NYT End-of-Term Analysis
Adam Liptak has a great recap of the just-completed 2009 term:
Chief Justice Roberts took control of his court this year, pushing hard on issues of core concern to him, including campaign finance, gun rights and criminal procedure, even as he found common ground with his colleagues on an array of other issues.
He was in the majority 92 percent of the time, more than any other justice. Last year that distinction went to Justice Anthony M. Kennedy, who is often regarded as the court’s swing vote.
“More than in any other year since he became chief justice, this has truly become the Roberts court,” said Gregory G. Garre, who served as solicitor general in the administration of George W. Bush and is now at Latham & Watkins.
This analysis is absolutely on point. The intellectual underpinning of F1@1F has been my hypothesis, now apparently proven if the NYT analysis is a reliable source, that this term’s docket largely reflected the Chief Justice’s awareness of the Court’s available political capital to achieve conservative gains beside liberal elected branches. The Court primed itself to move the law where they could and to leave for a later day those that would do more damage to the Court’s institutional legitimacy than their worth to the conservative legal movement.
For newer F1@1F readers, please give this post a read.
Most striking since I wrote the piece has been the Chief Justice’s ability to call upon the sort of “restrained activism,” introduced in NAMUDNO at the end of last term when he limited the scope of the Voting Rights Act of 1965 rather than strike it down as many expected. This term, he has employed and endorsed such legislation from the bench so to get the kinds of politically acceptable results to make some of the Court’s pro-business decisions go down a bit easier. Last week, he joined Justice Ginsburg’s Skilling decision to specifically limit and define federal honest services laws rather than strike them down–as urged by Scalia, Kennedy, and Thomas–so not to let Jeff Skilling walk free. Yesterday, in Free Enterprise Fund v. PCAOB, the Chief Justice rewrote the Sarbanes-Oxley Act–created in the wake of Skilling’s Enron collapse–to force the Public Company Oversight Accounting Board into his vision of constitutionality rather than strike it down outright.
What we’ve had, as I suggested in the winter, is a Chief Justice that knew–and cared–that the Court had only one huge expenditure available to it, and spent it in Citizens United.
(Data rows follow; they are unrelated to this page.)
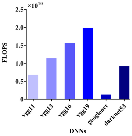 The graph of the number of floating-point operations for the six different deep neural networks is shown in Figure 9, where VGG19 has the highest number of floating-point operations, and googlenet has the lowest number of floating-point operations. This indicates that as the structure of the network is more complex, it requires more computational resources to complete, which leads to longer execution time, especially on end devices with limited computational power; the more computation, the more energy consumed by the device, which leads to a shorter battery life of the end device.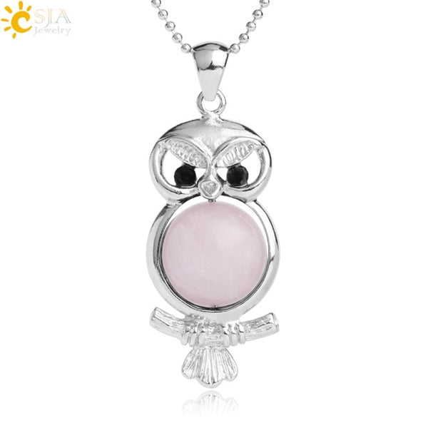 Pendant Feature: Natural Round Ball Stone + Owl Shape + Rhinestone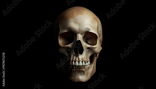 © ai_artist, Fototapeta premium A human skull is shown against a black background in a close-up view.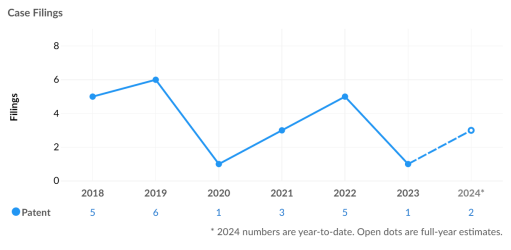 根據(jù)統(tǒng)計(jì)數(shù)據(jù),原告在美國共涉及23起專利侵權(quán)訴訟,全部為主動(dòng)發(fā)起。從訴訟趨勢(shì)上看,原告自2018年以來每年均發(fā)起訴訟,訴訟趨勢(shì)處于上升階段。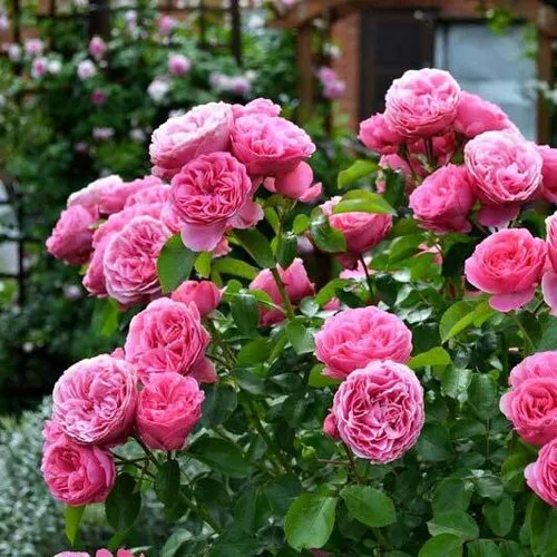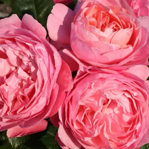 Цветки крупные, диаметром 8–10 см, густомахровые — до 60 лепестков. Каждый бутон имеет выразительную шаровидную форму, постепенно раскрываясь в плотно набитую розетку. Основной цвет — насыщенно-розовый, местами с мягкими персиковыми переливами, не выгорает на солнце и сохраняет яркость в любую погоду. Цветение — повторное, волнообразное: с июня до октября. В каждом соцветии — 3–5 цветков, цветение обильное, практически непрерывное.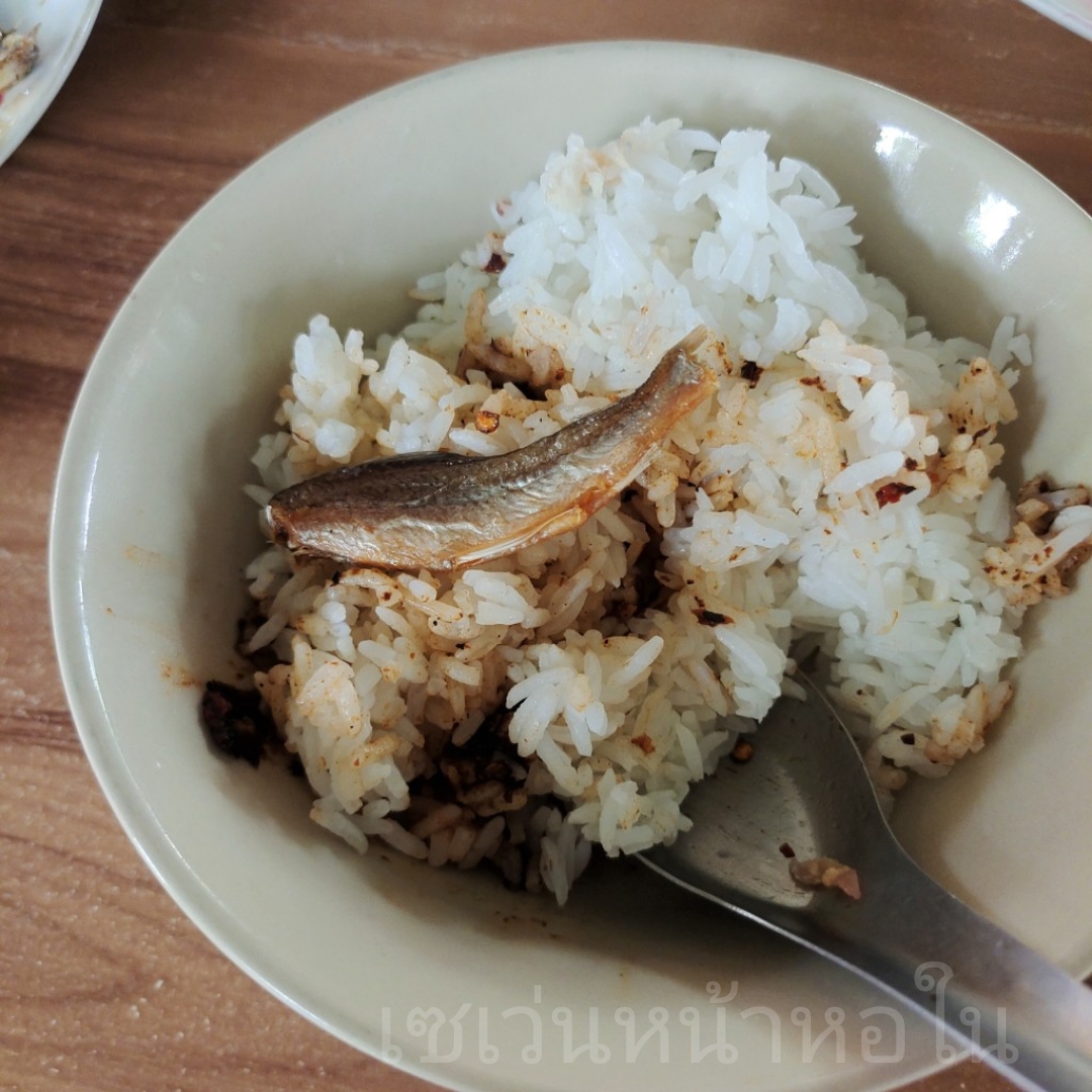 ข้าวคลุกแจ่วด้านหรือแจ่วร่านของไทยทรงดำ ก็อร่อย กินกับปลาเกลือทอด หอมกลิ่นมะแข่น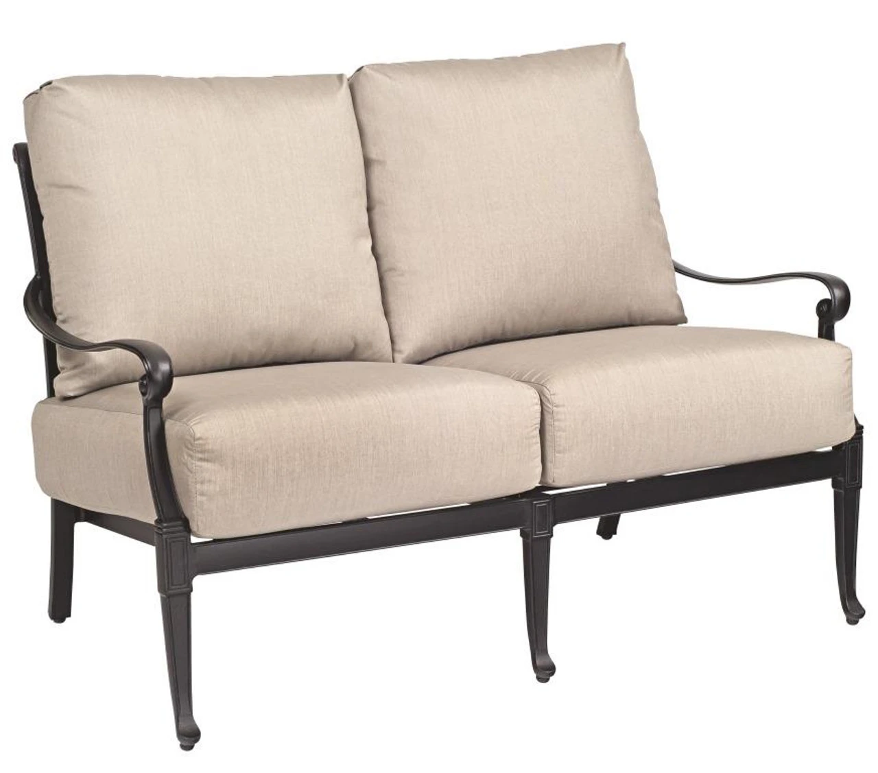 It may look like something out of a vintage English study, but our Woodard Aluminum Wiltshire Loveseat is sophisticated outdoor chic at its finest. Featuring a powder-coated aluminum frame, this piece of furniture is built to withstand the test of time. Yes, even in the sun and rain. It boasts curved arms, an elegant design on its open back, and thousands of possible finish and cushion design combinations. This seat from Outdoor Furniture Plus is also exceptionally comfortable. Perfect for time spent with friends and family outside!
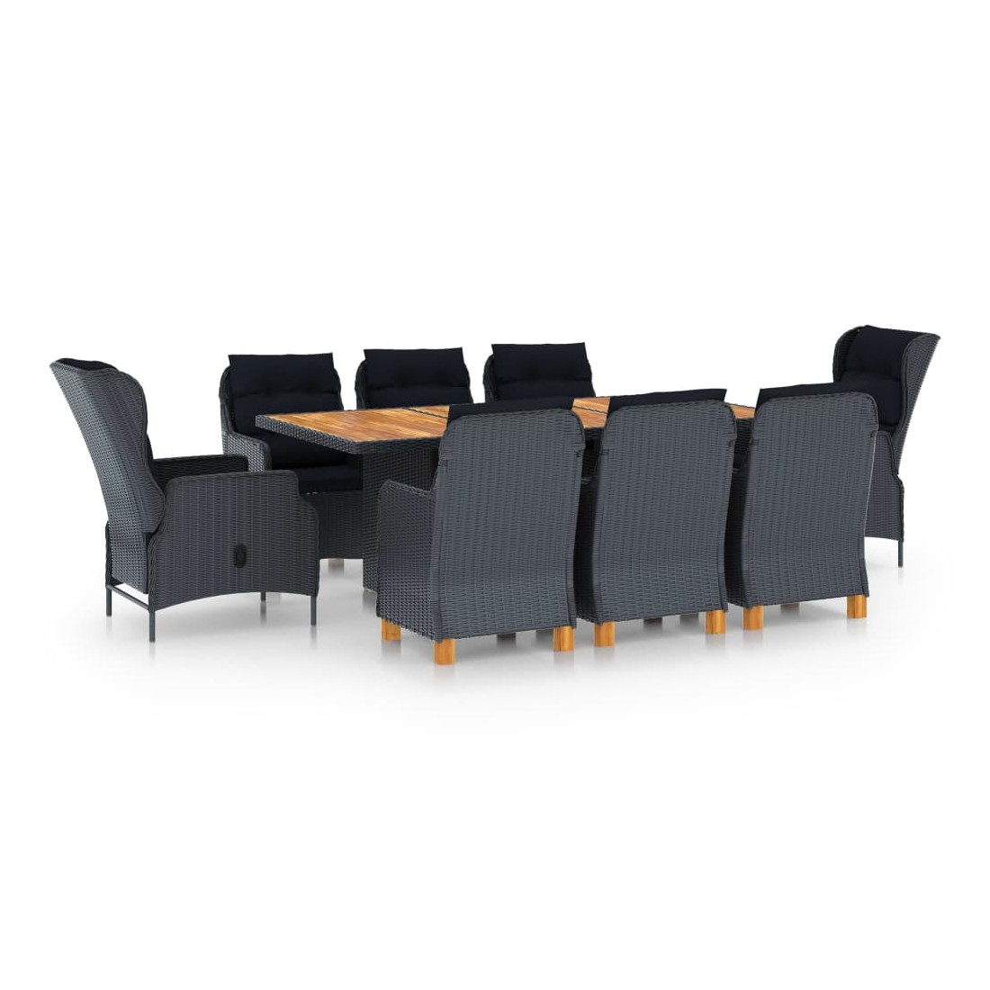 Cet ensemble à manger d'extérieur est une combinaison parfaite de style et de fonctionnalité et est destiné à être le point de mire de votre jardin, balcon ou patio. L’ensemble de meubles est fait de résine tressée ronde légère et peu exigeante d’entretien, ce qui le rend parfait pour une utilisation à l'extérieur, facile à nettoyer avec un chiffon humide. Grâce à sa structure en acier enduit de poudre, les chaises et la table sont stables et durables. Le dessus de table en bois massif est parfait pour dîner ou placer des objets décoratifs. Les coussins bien rembourrés ajoutent du confort supplémentaire pendant votre temps de détente. La housse de coussin est équipée d'une fermeture éclair, amovible et lavable. Grâce au mécanisme de levage à gaz, le dossier de la chaise inclinable est également réglable pour s’adapter à vos positions. En appuyant sur le bouton sur le côté, le dossier peut s’incliner, pour une position couchée confortable. Remarque : Nous vous recommandons de couvrir l'ensemble pendant la pluie, la neige ou le gel.

The rest of the docket was formed and decided accordingly, with the conservatives taking smaller, more under-the-radar steps while the liberals won what they could.
Whereas Justice Kennedy may be the limiting factor on the hot buttons of abortion and affirmative action, issues as the NYT piece noted were nowhere to be found this term, he’s firmly in the maximalist pro-business camp. And for a Court operating in an economic downturn with Democrats in the political branches all too willing to cast it as the tool of an intemperate Tea Party, the Chief–often joined by Justice Alito–must serve as the prudent captain of his man of war‘s voyage towards economic liberty without crossing the Roosevelt Rubicon.